Тот кабан был моей единственной жертвой. Библейская заповедь «не убий» обретала для меня свой первородный смысл.

ПРО ЛЕЖАЩЕГО ВЕРБЛЮДА

Несмотря на мою занятость по делам инженерным, тяга к литературному творчеству брала своё. Я с детства любил персидскую поэзию, и, хотя язык тувинский — далеко не персидский, я решил начать с местного эпоса. Конечно, можно было прийти в областную библиотеку, взять труды Института тувинского языка и литературы и переписать научные книги в скучные рифмованные повествования… Меня интересовали легенды живые, то есть те, которые по сей день бытовали в народе и являлись частью его духовной жизни. От друзей-тувинцев я знал, что есть эпос «Алдан маадыр» («Шестьдесят богатырей»), но, кто такие эти богатыри, мне толком никто не мог объяснить.

— Ищи Хомушку — он всё знает, — говорили мне.

Хомушку — род тувинских сказителей, хранителей древней культуры. Я отправился на поиски и не без труда нашёл в степи несколько юрт, принадлежащих этому роду. Спросил, где живёт самый мудрый человек, и мне указали на кош, стоящий поодаль от остальных. Внутри горел костёр, около него сидел человек возраста неопределённого… Казалось, что он сидел у этого огня во все века и потому производил впечатление человека вечного.

— Эки! — поприветствовал я его. — Кандык чуртап тур?

— Экирля… — ответил он так, как будто мы с ним были давние знакомые.

Путая русские и тувинские слова, я объяснил ему цель моего прихода. Он с уважением посмотрел на меня. Это радовало. Значит, пришёл не зря. Приготовив блокнот и карандаш, я вопрошающе глядел на старика. Глаза его загорелись живым огнём: ему самому приятно вспомнить одну из своих заветных историй.

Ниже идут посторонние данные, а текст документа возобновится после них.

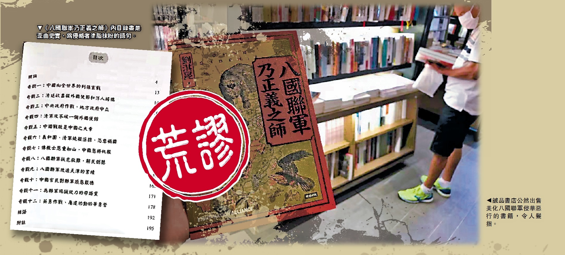 有台灣背景的誠品書店,不少學生及年輕人經常光顧。《大公報》近日接到市民投訴,指誠品書店公然出售一本名叫《八國聯軍乃正義之師》的書本,書中竟稱八國聯軍是一支因為人道危機而不得不興的「仁義之師」,歪曲八國聯軍侵略中國的史實,荒謬絕倫令人髮指,社會各界為之嘩然,紛紛譴責,更有市民向國安處舉報。

Я ждал. Старик не спешил. Медленно вытащив из-за тряпичного пояса кисет с табаком, он долго зубами (а они у него ещё были) развязывал затянутую на два узла толстую суровую нитку, затем взял длинную, выточенную из ольхи курительную трубку и стал так же не спеша выбивать в костёр сгоревший в трубке пепел. Место для табака было меньше напёрстка, пепла почти не было... Набив трубку крохотной щепоткой табака, он накрепко (на два узла!) затянул свой кисет, надёжно упрятал его за пояс и, запалив в костре тоненькую ветку, прикурил…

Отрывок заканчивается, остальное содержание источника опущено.